RESULTS:Existing frameworks are mainly focused on certification criteria. Professionals and users agreed on the need to undertake mHealth assessments as to better inform user decisions. Assessments should be sensible to continuous changes of these technologies and be undertaken by independent organizations.
The proposed framework offers a step-by-step process by which any mHealth solution can be categorized and analyzed, according to: (i) Risk classification matrix: combining intervention type and patient type, (ii) Users: patients, professionals, informal caregivers individually or all of these together and (iii) Integration: stand-alone, fully integrated.

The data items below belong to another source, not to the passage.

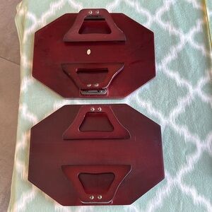 Set of two wooden octagonal trays. They have spring loaded clamps that will fit onto most arms of sofa or chairs. Perfect for your seating space or home theater. About 12.5x9.5”.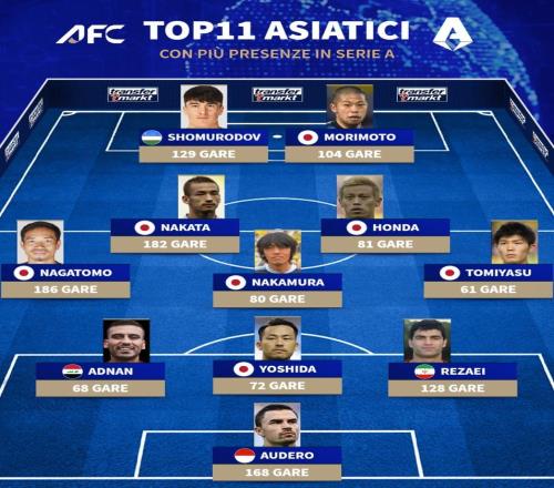 北京时间12月13日,德转列出了意甲联赛历史出场次数最多的亚洲球员11人阵容,长友佑都、中田英寿领衔,本田圭佑、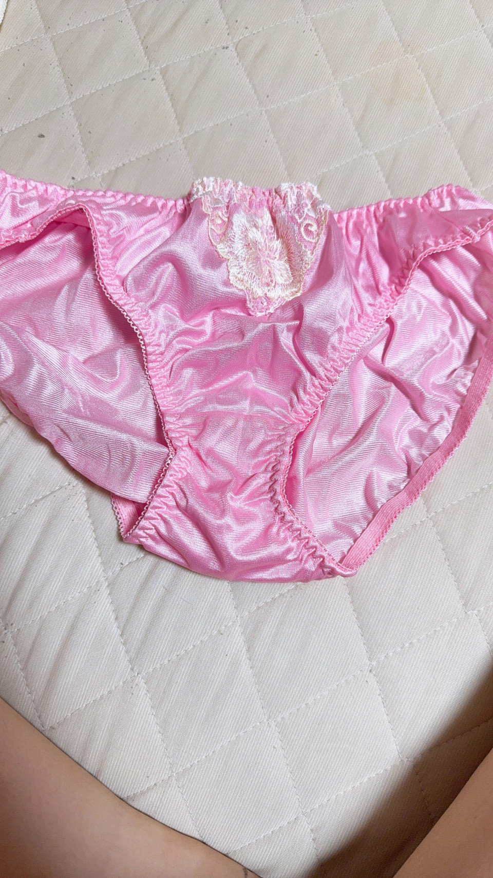 ピンク色のパンティーで1日お出かけしてきたよ♪ おしっこパンツで拭いたし、おりもの多いから匂い強め!? 是非購入よろしくお願いします🙇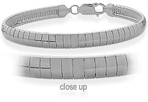This omega styled sterling silver bracelet is a timeless classic. The bracelet measures 7 ½ inches in length and 6mm in width. The high polish finish gives this bracelet a sense of style and charisma. The closure is made possible via a lobster catch terminal and eyelet. Ships NEXT business day.
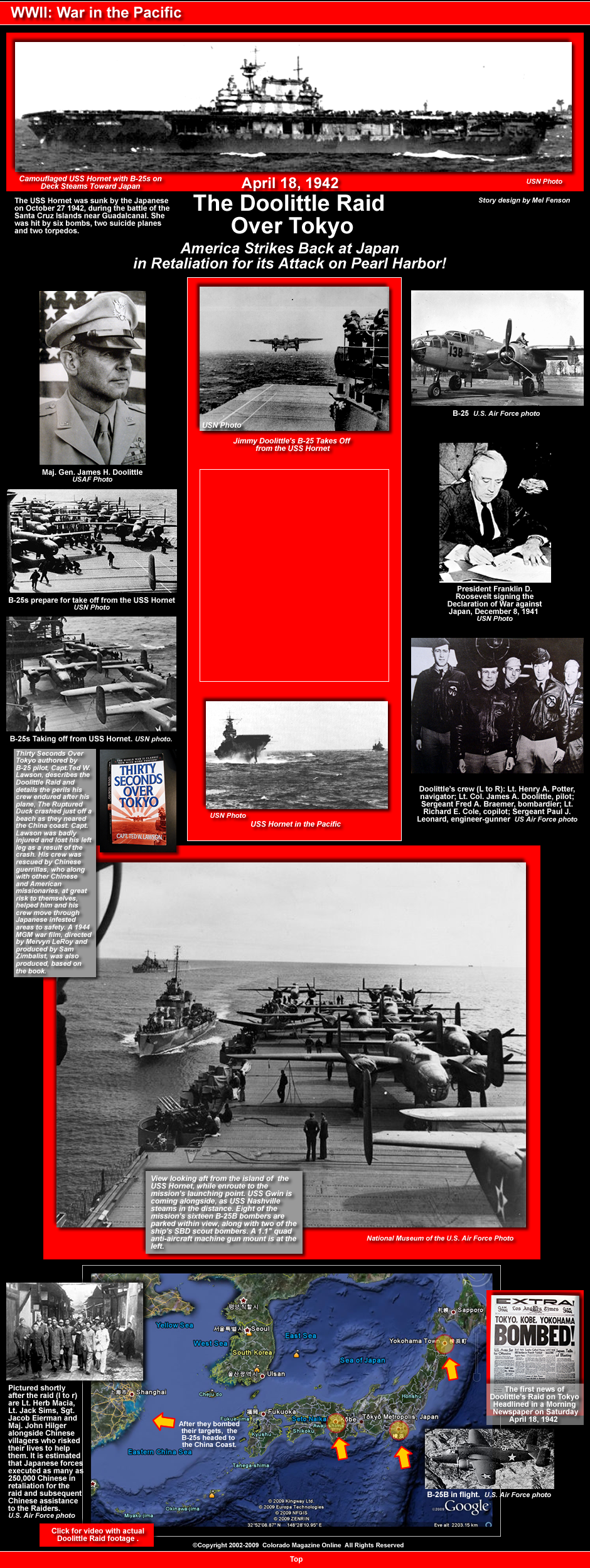 Story sources: The Doolittle Raid by Carroll V. Glines, Thirty Seconds Over Tokyo by Capt. Ted W. Lawson, General James H. 'Jimmy' Doolittle Autobiography with Carroll V. Glines, Doolittle, Aerospace Visionary by Dik Alan Daso, Doolittle, Biography by Lowell Thomas and Edward Jablonski, Wikipedia and Other Web Sources.

The model has four evaluation domains: technical maturity, risks, benefits and resources needed, including the commonly accepted evaluation perspectives: technical, contents, clinical/health, user perspective, organizational and socio-economic. Sub-domains are defined as: end-user, organization, healthcare system and community (society as a whole). Aspects to be assessed are selected according to the purpose of the evaluation (intended use / intended impact) and vary depending on the type of the mHealth solution: product or service.
CONCLUSIONS:The mHealth assessment process is needed and should be: (i) continuous/iterative, providing timely conclusions and recommendations for improvement, (ii) inclusive/collaborative, involving all stakeholders,and (iii) constantly adapting to standards. The proposed framework is intended to support informed decisions when developing, integrating, selecting, recommending, or adopting mHealth solutions.